Is there anything I could try to get multicast working?

Also, in case of an error like this, I would expect to receive some clear error state for the host or infinite imaging loop, because if the task failed at 95% percent, I probably wouldn’t notice that the task was not completed correctly.

kkroflin

@sebastian-roth said in Uncompleted multicast:

@kkroflin Great you tested this on the command line! To me this looks like a crude network issue. Are you good with wireshark analysis network traffic? I’d think you can find something there. Maybe it’s some kind of jumbo frame misconfiguration!?

We don’t use jumbo frames. I tried Wireshark on the receiver and I noticed that the packets were mostly missing in large chunks. When I limited max-bitrate on the sender, there were no issues and the receiver was only notifying the sender about completed blocks. Slowing down the receiver with additional “gzip -9” after gunzip increased re-xmits and timeouts.

I found out that changing the receive buffers in the receiver’s OS helped a lot. Re-xmits dropped to “0” on physical client after changing buffers to 16777216 from default 212992:

$ sysctl -w net.core.rmem_max=16777216
$ sysctl -w net.core.rmem_default=16777216

On Xen VM receivers there were still re-xmits but significantly fewer. Transfer rate has changed from 50 Mbps to 100 Mbps on Xen VM receivers after changing rmem. Increasing buffers even more has reduced re-xmits.

My guess is that changing rmem has also lowered the probability that the receiver is dropped by server because of not confirming received packages and not answering to (dropped) control packages. It think that dropping slow receivers when packages are being dropped could also be reduced by increasing parameter --retries-until-drop on the sender but I have not tried that.

After changed rmem, all Xen VM receivers completed transfer.

There was still many timeouts even on physical receiver with re-xmits=0 which I would associate with server that can send packets with substantially quicker rate than that the receivers can process them.

Sebastian Roth

@kkroflin The important error message here is pigz: skipping: <stdin>: corrupted -- incomplete deflate data

It means that the image is somehow corrupt and cannot be extracted because of that. We had someone with that not long ago and in his case it turned out that he had a FOG storage node where the image hasn’t been transfered to properly. After he fixed that (re-transfer the image from master to storage) the deploy went fine.
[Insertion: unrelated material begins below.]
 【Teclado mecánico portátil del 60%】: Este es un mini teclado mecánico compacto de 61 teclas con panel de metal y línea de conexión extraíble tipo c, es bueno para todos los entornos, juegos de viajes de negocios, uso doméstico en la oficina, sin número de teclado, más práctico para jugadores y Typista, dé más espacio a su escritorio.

Previously I haven’t used multicast with FOG so I don’t know if this is a new issue or an old one.

Multicast is one of FOG’s key features and it’s part of it since years.
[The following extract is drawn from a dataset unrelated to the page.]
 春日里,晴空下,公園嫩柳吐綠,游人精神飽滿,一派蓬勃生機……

Also, in case of an error like this, I would expect to receive some clear error state …

Tom changed that behavior not that long ago - see here. Though I don’t know why from the top of my head. I think there was an issue with some devices (maybe MS Surface) that would fail “lightly” and we wanted to make those work. Maybe see if you can find a discussion on this in the forum from around that date (4th of April 2017).

kkroflin

@sebastian-roth said in Uncompleted multicast:

FOG storage node where the image hasn’t been transfered to properly. After he fixed that (re-transfer the image from master to storage) the deploy went fine.
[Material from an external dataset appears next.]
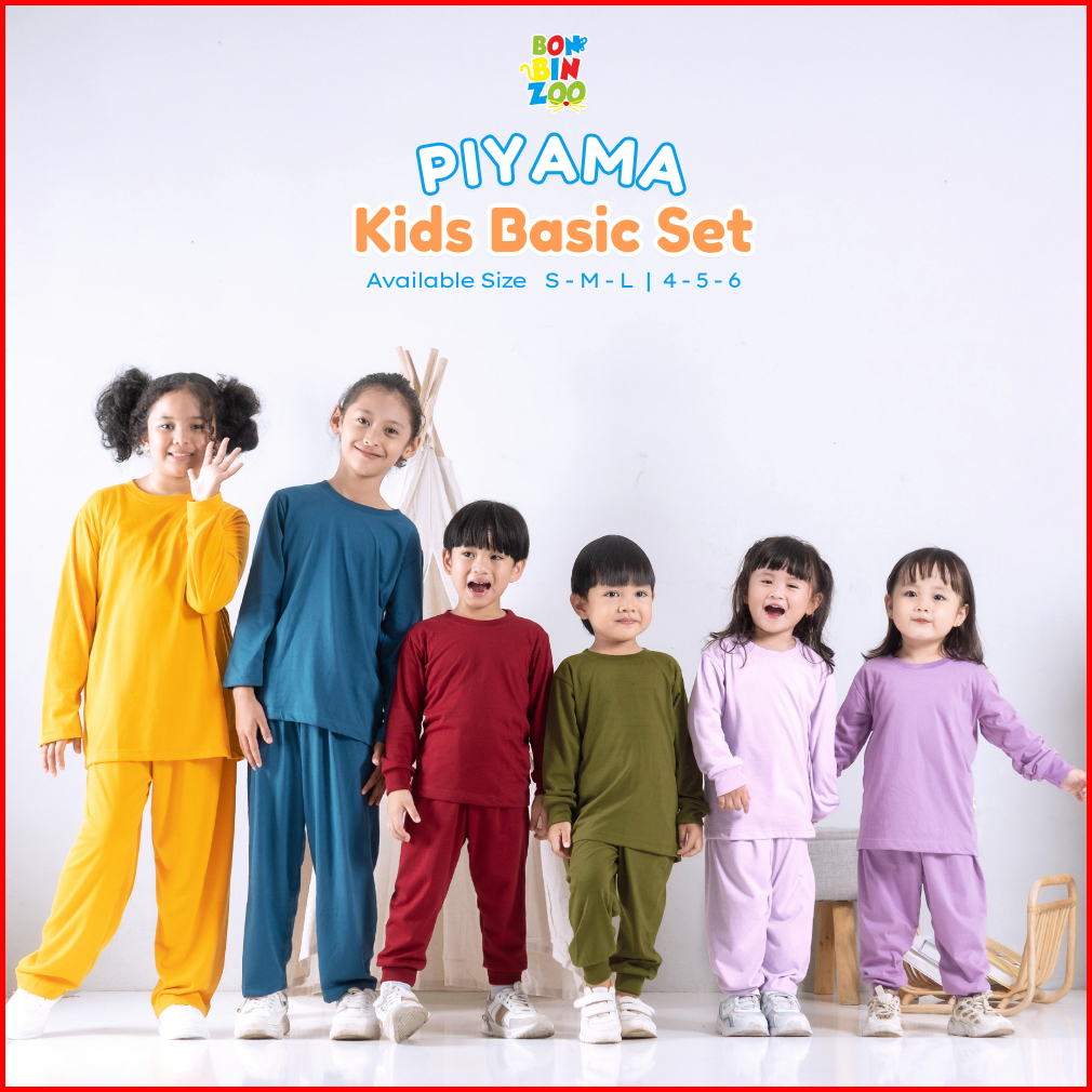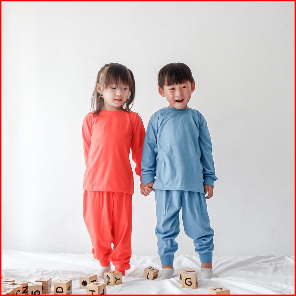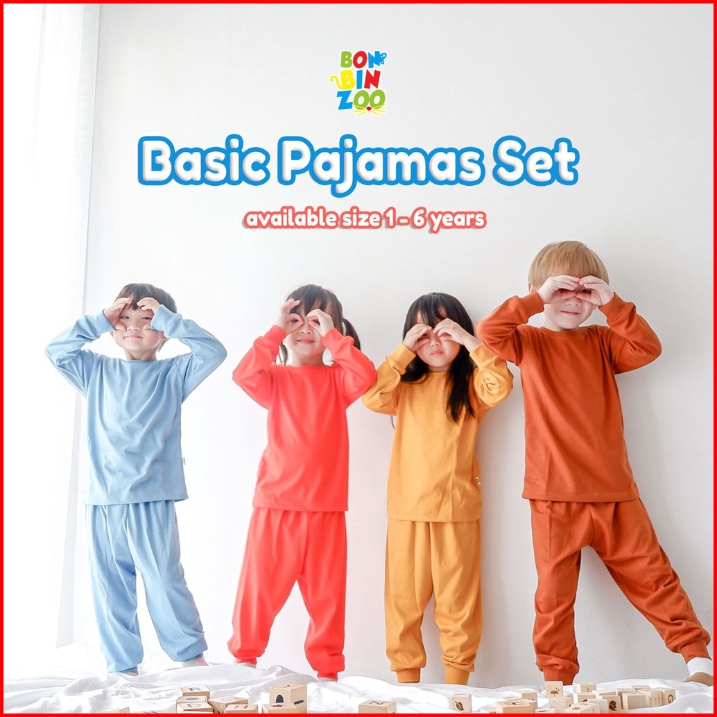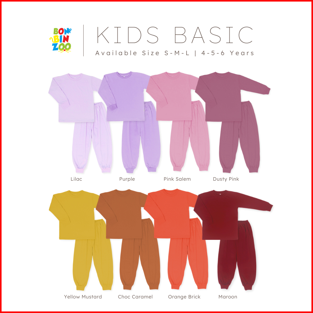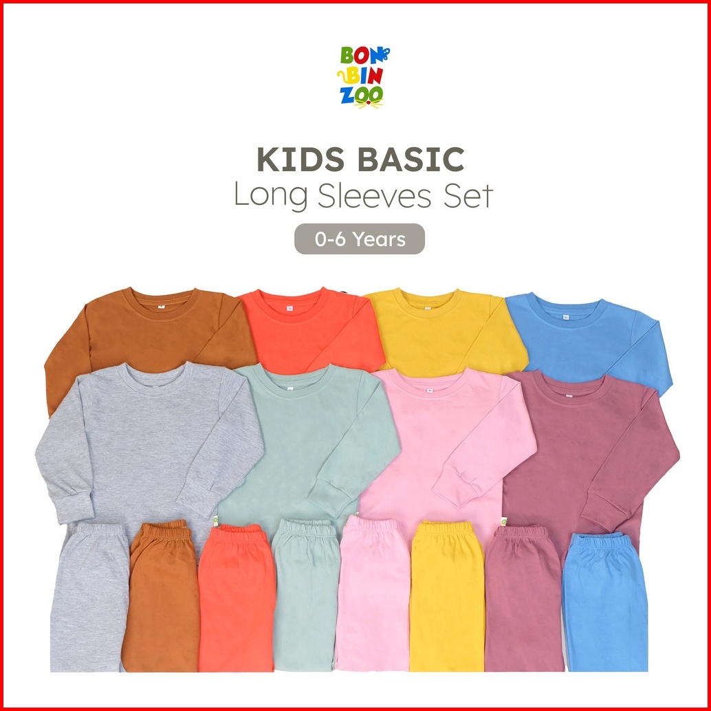 Bonbinzoo - Setelan Tangan Dan Celana Panjang Polos Anak Usia 1 - 6 Tahun Kids Basic

I’ve checked master and storage nodes and md5 checksum is the same. I have also redeployed image and checked that only master node was being used but the same issue occurred. Unicasting with the same image works ok.

Tom changed that behavior not that long ago - see here. Though I don’t know why from the top of my head. I think there was an issue with some devices (maybe MS Surface) that would fail “lightly” and we wanted to make those work. Maybe see if you can find a discussion on this in the forum from around that date (4th of April 2017).

I looked at Tom’s posts around that date but haven’t noticed anything related

Sebastian Roth

@kkroflin said:

I’ve checked master and storage nodes and md5 checksum is the same.

Can you please post a picture of that just to make sure we’re looking at the same things here.

Other than that… What network setting is used with those VMs? Is FOG running on the host itself? Where is the storage node, where the master node running?

kkroflin

I did more testing yesterday directly with udp-sender/receiver and got the same error. I noticed a very high number of re-xmits and timeouts. My guess is that hosts eventually were not able to catch up with the sender and they were dropped with message “Dropped by server now=37642 last=37640”.

$ cat d1p2.img | udp-sender --min-receivers 3 --portbase 9000 --interface eth0 --full-duplex --ttl 2
$ udp-receiver --portbase 9000 | gunzip -c > /dev/null

# High number of timeout and re-xmits like this:
Timeout notAnswered=[0] notReady=[0] nrAns=2 nrRead=2 nrPart=3 avg=1199
bytes=177 521 344  re-xmits=0030530 ( 25.0%) slice=0112 -   2
Timeout notAnswered=[1,2] notReady=[1,2] nrAns=1 nrRead=1 nrPart=3 avg=1281

# Eventually first receiver dropped with message:
Dropped by server now=37642 last=37640
Block received: 0/0/0
Transfer complete.
gunzip: unexpected end of file

Imaging physical hosts worked well. Xen VM hosts imaged also well when I changed vCPUs from 1 to 4. Also, with 1 vCPU, changing multicast to half-duplex, limiting bitrate to 60 Mbps or setting --fec 8x8/128 udp-sender argument worked ok.

I think I will be able to use multicast with physical hosts with or without a little bit of tuning, but it would be still nice to have some error state if imaging has failed. Currently I have confirmed successful transfer by looking at the multicast.log.udpcast.29 and seeing that receivers were disconnected only after transfer had been completed.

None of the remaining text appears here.